The College of Sciences is delighted to announce the appointment of Anton Gartner as Professor of Genetics at the University of Dundee. Anton Gartner, a Principal Investigator at the Centre for Gene Regulation and Expression joined the College of Life Sciences in 2004 as a CRUK Research Fellow and was awarded a Wellcome Trust Senior Research Fellowship in 2010.

Born in Vienna, Austria Professor Gartner received his undergraduate degree at the University of Vienna, and his PhD from the Institute for Molecular Pathology, Vienna. He went on to take up postdoctoral positions at the Institute for General Biochemistry and Molecular Cell Biology (University of Vienna) and with Dr. Michael Hengartner, at the Cold Spring Harbor Laboratory. From 2000-2004 he was Junior Group Leader at the Max Planck Institute for Biochemistry in the Department of Cell Biology. He became Reader that University of Dundee in 2010.
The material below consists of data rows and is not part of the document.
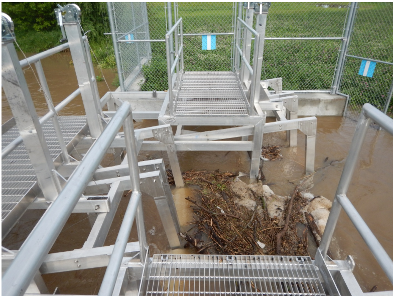
Figure 7. – In this picture module #2 (second from the river right) of the Morpion barrier had been pushed back approximately 6 feet (2 meters) during a high water event in early June of 2015.

The barrier is made up of 6 modules, each having 2 grates and corresponding barrel floats. These 6 modules line up flush with each other and form the wall of the barrier. Each module is held in place by a steel rail in the concrete apron at the upstream end, and by a C channel groove that the module sits in on the downstream side. The downstream C channel is approximately 4 inches (100mm) deep. During the installation in the spring of 2015 we noticed that some of the modules were sitting up a little higher on the downstream end, likely because sand or debris was in the C channel. We thought that if the modules were sitting in the channel 2 – 3 inches (50mm – 75mm), that it would be enough to prevent downstream movement of the modules. While the modules stayed in place under low to moderate flows, this was not the case during high flow events (Figure 7.). Four times during the beginning of June we experienced rain and high flows that pushed one or more of the modules downstream on the concrete apron. Each time, when flows receded we would manually move the modules back into place, but could never get the modules to sit completely into the C channel. In the future we now know that the C channel needs to be completely cleaned out to prevent any downstream movement of the modules.
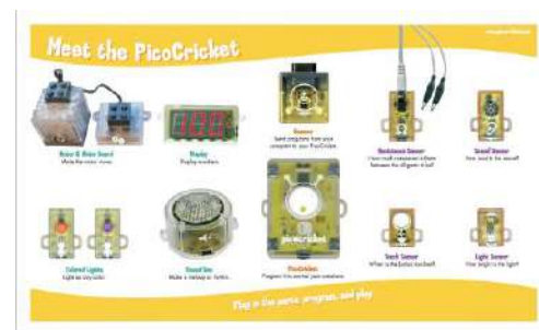
[Figure 2] Picocricket Hardware
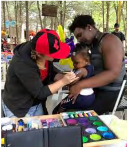
FACE PAINTER (2 Hours)
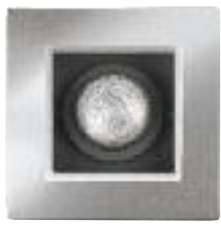
LCI36M2 Adjustable gimbal chrome trim w/white cone 4-5/8" sq. (117 mm) Housing Lamp Wattage CMH4GX GX10 20W GX10 39W
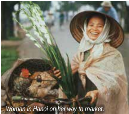
Woman in Hanoi on her way to market.

This morning, visit market stalls and help buy produce. Then take a boat to a cooking school, for a hands-on cooking class, later dining on the dishes you've prepared. There is time this afternoon for further exploration on your own, and you may wish to have dinner at a local restaurant. (B,L)
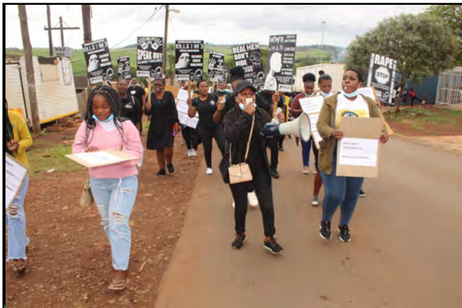
Official & the community walking to the event venue
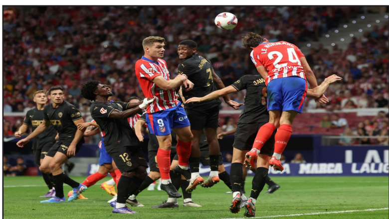
Atletico Madrid's Norwegian forward #09 Alexander Sorloth, Atletico Madrid's Spanish defender #24 Robin Le Normand and Valencia's Spanish defender #03 Cristhian Mosquera jump for the ball.

Alexander Sorloth, another summer signing for Diego Simeone's revamped side, also created a couple of dangerous chances only to be
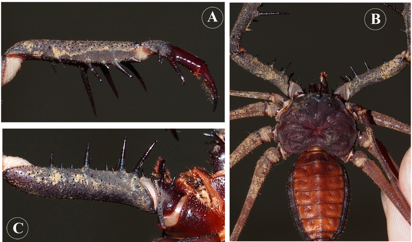
FIGURE 1. Heterophrynus armiger (Male), specimen from Colombia. A, Ventral aspect of pedipal tibia; B, General aspect of carapace and abdomen, dorsal view; C, Ventral aspect of pedipal femur.
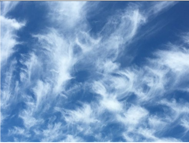
Cirrus cloud formation called a mare's tail sky. It's the best one I've ever seen. Ray Davies
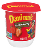
DANIMALS STRAWBERRY DANNON YOGURT 48/4 OZ #041012
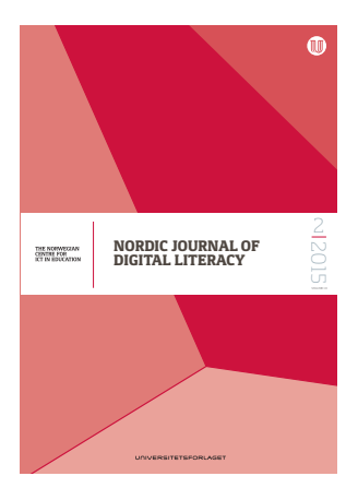
Nordic Journal of Digital Literacy, volume 10, no 2-2015 p. 102–120 ISSN online: 1891-943X
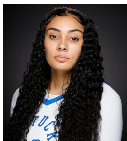
TREASURE HUNT 12

6-2 – Jr. – G Cleveland, Tenn. (Bradley Central HS)
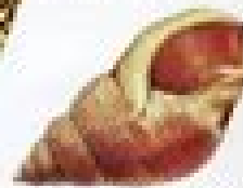
Channeled Nassia (CA)

Junonia johnstoni To 3 in. (7.5 cm) Deep water Gulf Coast shell only reaches up on shore after storms occur. Alabama's state shell.
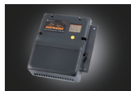
Dingo 40/40P Positive Ground System voltage settings 12/24/32/36/48V Max. charge/load current: 40A
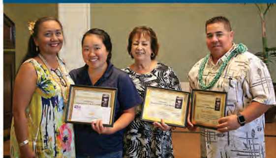
Top 3 Per Capita for the 2019 Campaign
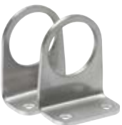
Order no: 3902
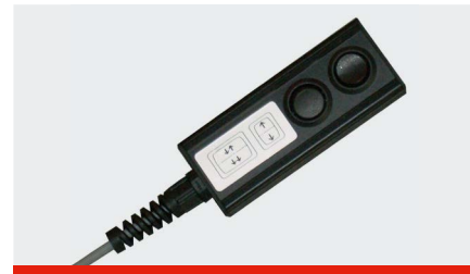
Remote control with cable
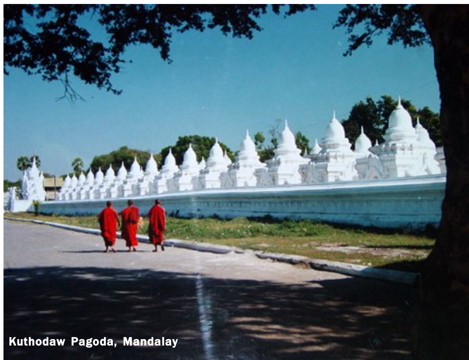
Kuthodaw Pagoda, Mandalay

After breakfast at the hotel, visit to Mingun where the world largest ringing bell exist. Sightseeing Pahtodawgyi unfinished Pagoda, Mingun Bell, Myatheindan Pagoda, Home for the aged and environs scene. Lunch at local
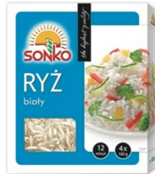
3296. Rice white 4x100g (12)
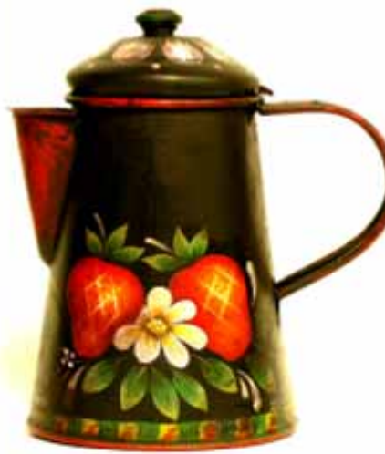
Pitcher after antiquing
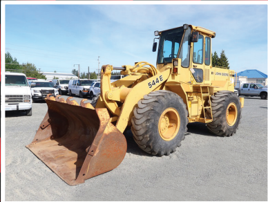
1990 JOHN DEERE 544E
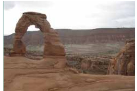
Delicate Arch, located in Arches National Park, near Moab, Utah

Whether you're hiking to Delicate Arch, the Devil's Garden, or through the ranger-led “Fiery Furnace” of Arches, you're hiking some of the finest trails in the nation. And Canyonlands offers a diversity of hikes as well, including the well-known Mesa Arch trail which leads to the arch and the classic view through it of the “washer woman” rock formation.
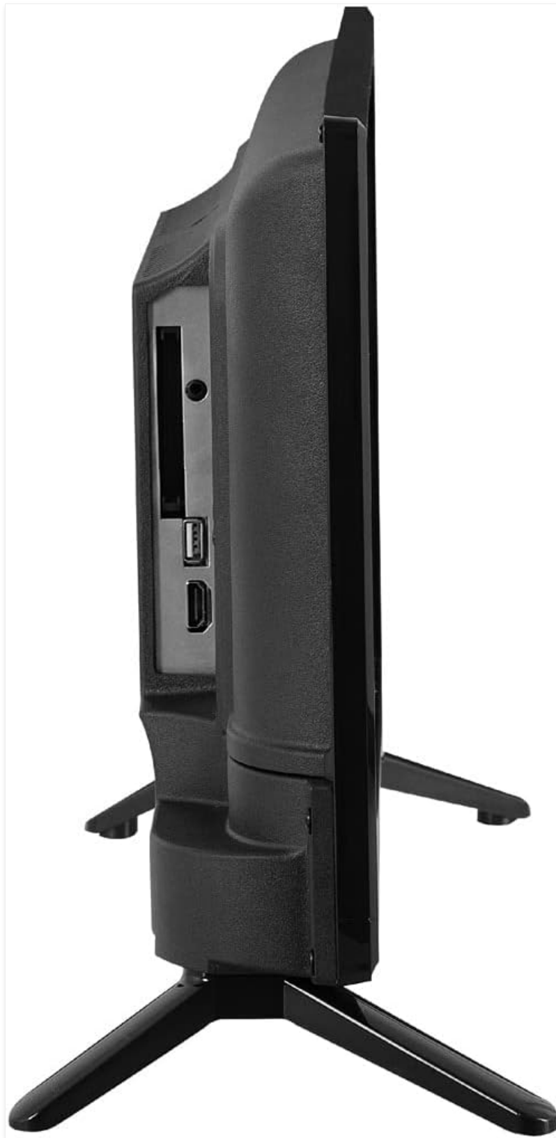
Rear view of the Trevi LTV 1904 SA2 TV, illustrating the various input and output connections.
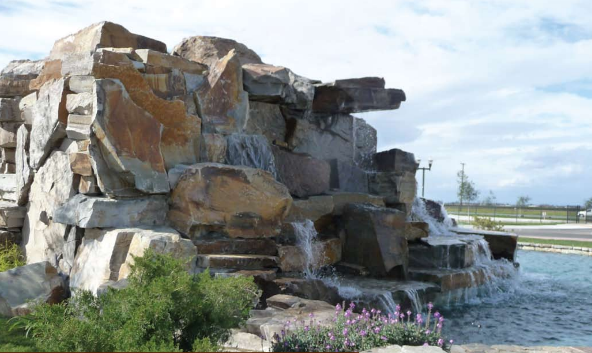
Ridge Creek Golf Course in Dinuba, CA McGregor Lake Oversized Drystack
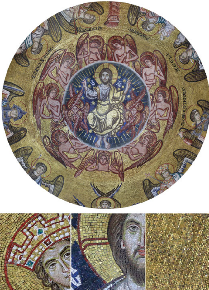
Fig. 5 The orthophoto of the dome of Baptistery, (top), with some details (bottom) where it is possible to see the smallest details of the golden tessera in the orthophoto (pixel size of 0.5 mm)

In the most complex areas, domes, vaults and connecting elements, it was decided to use simplified reference planes.
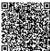
St. Jude the Apostle

Your generosity supports the mission of Saint Jude the Apostle and Saint Michael the Archangel, helping us to worship, serve others, and grow as disciples of Jesus Christ. For those who prefer to give electronically, QR codes for both parishes are available in the bulletin each week. Thank you for your faithful support and for being part of what God is doing in our parish communities.
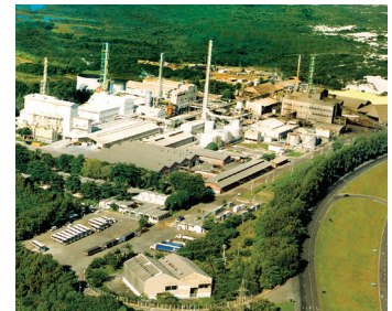
Rodovia BA 099, km 20, Abrantes Camaçari, BA. CEP 42840-000 Brazil
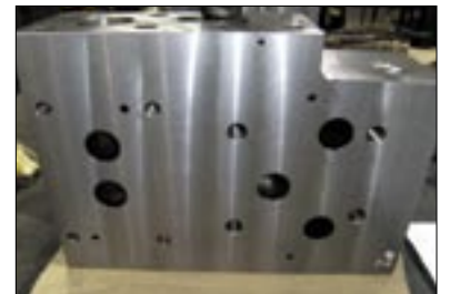
High pressure manifold for steel mill application.
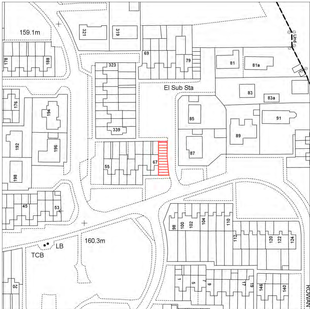
67, Rowan Drive, Blackburn, Bathgate
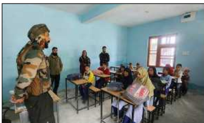
NIN NEWS SERVICE JAMMU, MAY 22

As part of its continued efforts towards youth awareness and the vision of Nasha Mukti Bharat, the Indian Army organised anti-drug awareness activities at Lower Dogriyan in District Poonch and Mardiyala Mohalla, Kalsa, in District Rajouri. At Government Middle School,
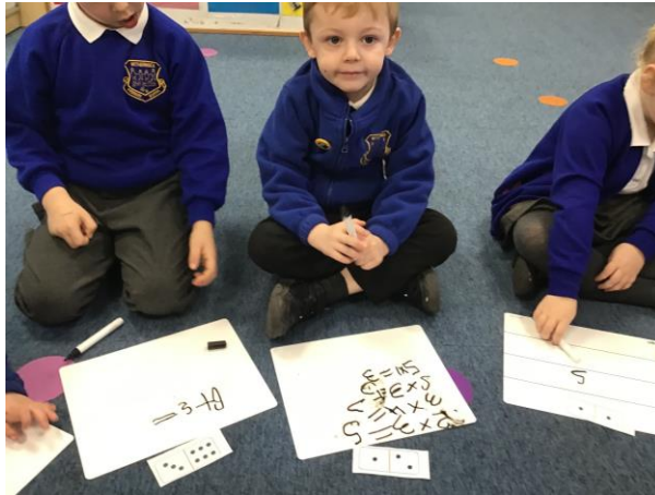
2 - Reception have been working hard to write addition number sentences!
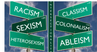
( https://www.newtactics.org/blog/intersectionality-tool-realizing-human-rights )
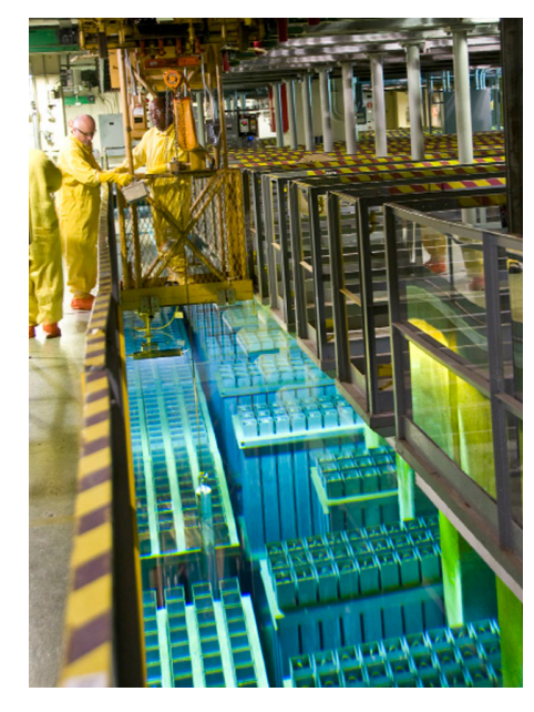
LAC employees move a fuel assembly to its storage location in L Basin.

The Savannah River Site is owned by the U.S. Department of Energy, and is managed and operated by Savannah River Nuclear Solutions.
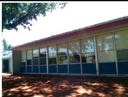
N General Site
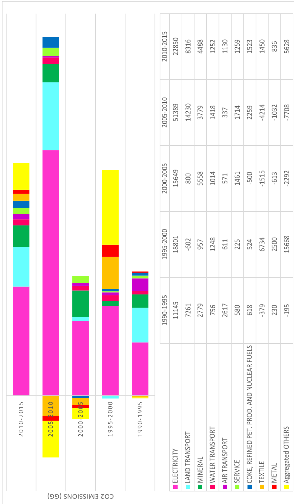
Figure 4 Sectors' contributions to CO2 emissions 10
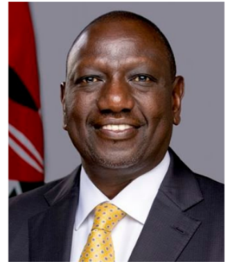
H.E WILLIAM RUTO

Trust me, Barcelona have very good future and I'm not talking about myself. I'm talking about the youngsters. That's why I'm playing them, I really want them to be ready for the future. It's not about me being the manager or not. These guys are special".
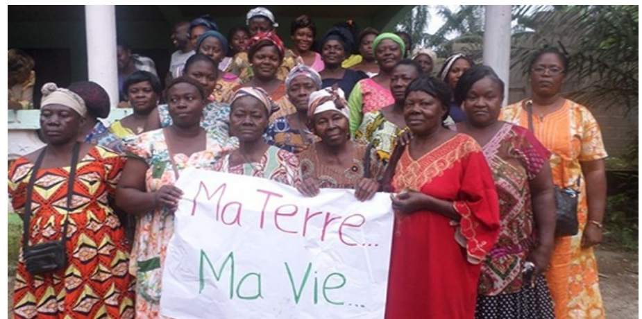
"My land, my life". Camaroon. Ph: RADD, 2017.

By the end of 2000, the fever for agricultural lands in Africa for large monoculture operations had accelerated. Today, this fever increases with emerging policies that consider these initiatives to be great development projects that create jobs and added value. For the most part, these projects are well received by national and local decision makers in the areas where they are implemented. It is absolutely necessary to put on the activist hat to demonstrate and establish the need to protect those who are excluded from this system.
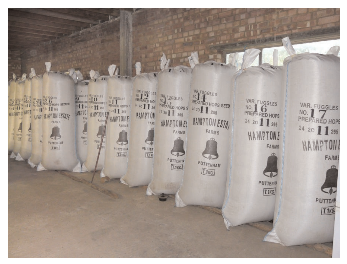
Figure 3. Hop pockets from the 2011 harvest showing the Farnham Bell symbol and marked as the variety Fuggles.

Whitebines held pride of place and were sold from exclusive booths on Blissimore Hall Acre (some of which still stand). Strict quality standards were maintained, and despite being popular with some Farnham farmers a red-bined hop called the 'never-black' was banned from the booths for being too coarse.<sup>24</sup> Fine and delicate soft 'silky hops' were particularly prized by West Country brewers and private gentlemen who would pay a premium price for them.
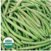
BEAN, Empress ( Phaseolus vulgaris )
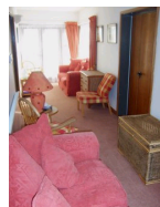
Quiet Family Room
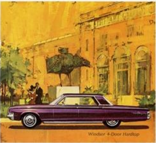
Windsor 4-Door Hardtop

quality construction, and most of the features and convenience touches that distinguish every other fine Chrysler series. Just drive a Windsor once and you'll be convinced that here is a truly fine automobile you'll be proud to own . . . proud to drive.
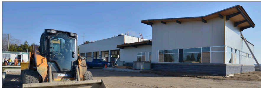
Alliston station development.
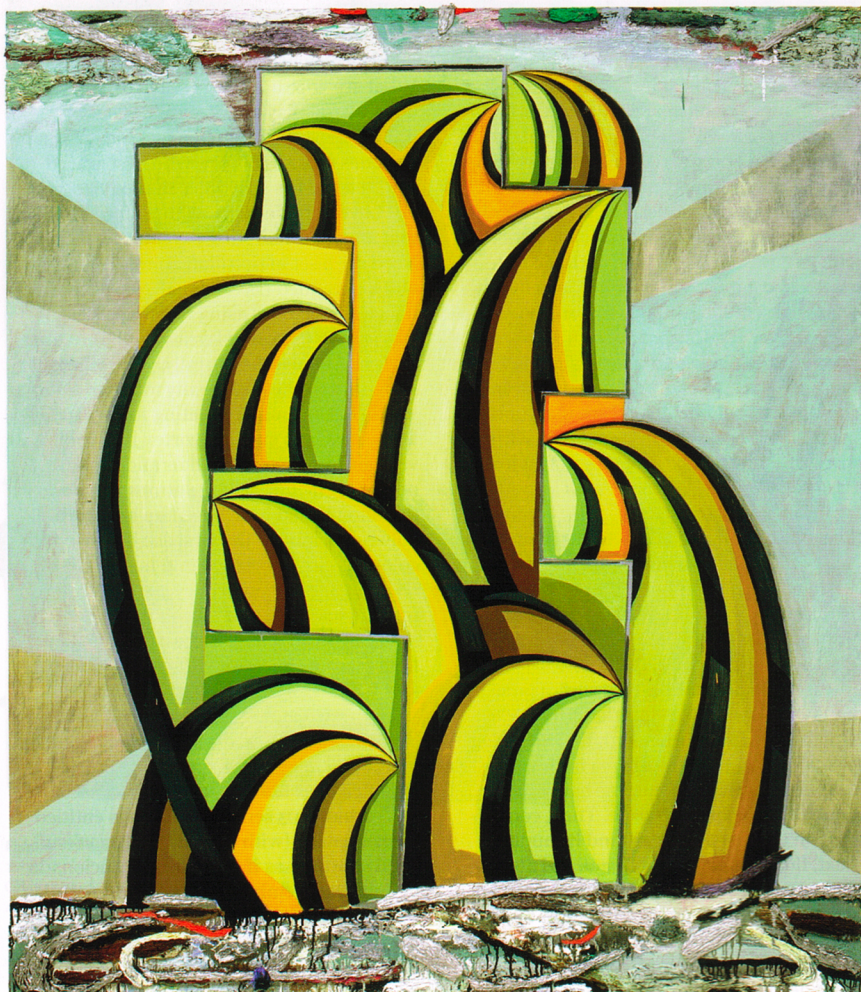
Rich History of Foul Ups 2008 Oil on board 152×122 cm

monuments to Allen himself, to his own age. Another trend, similarly taking the form of gilded but stranded monuments, is for stacks of three-dimensional letters: WXY ' (2008), for instance. Again the sense of an ending inheres, but the letters are arranged to create the schematic shape of a female figure (there's also a male version from the same year, OMN ), an optical trick Allen learned in the pub; it's a body if you want it to be. And, while we're considering what or whom might be at the heart of this work, one more title: 'Pareidolia', for a series of recent collages in which, on small sheets of board, messy grids of Allen's signature paint-whorls serve as frames for central images – bearded commissioners toting flowers, moon-walking astronauts, smiling nude figures from National Geographic . What do these subjects have to do with the extrusive, gaudy abstraction that blooms around them? What do they have to do with each other?

Professor Gartner’s research explores the use of C. elegans genetics as a model for studying basic biological problems including uncovering DNA damage and stress response pathways.  The multicellular organism shares many fundamental genetic programs with humans suggesting that results obtained in the C. elegans system are likely to be applicable to mammalian systems. His work on C. elegans is facilitated by the simplicity of the organism at the developmental and anatomical level, by the ease of its maintenance, as well as by the power of forward and reverse genetic procedures.

His lab uses a “whole organism” based approach to study cellular phenotypes in their natural context. C. elegans, the simple most animal system allowing for forward genetic screening, is unique in allowing for genome wide RNAi screening where RNAi is applied at the organismal level. He uses C. elegans genetic approaches to better understand genetic pathways relating to C. elegans germ cell development and integrity as well as on DNA damage response pathways needed for maintaining the genome integrity of germ cells. He has also begun to explore C. elegans to uncover molecular mechanisms leading to Parkinson’s Disease. Focusing on C. elegans models for dopaminergic neurodegeneration which is the key pathology of Parkinson’s.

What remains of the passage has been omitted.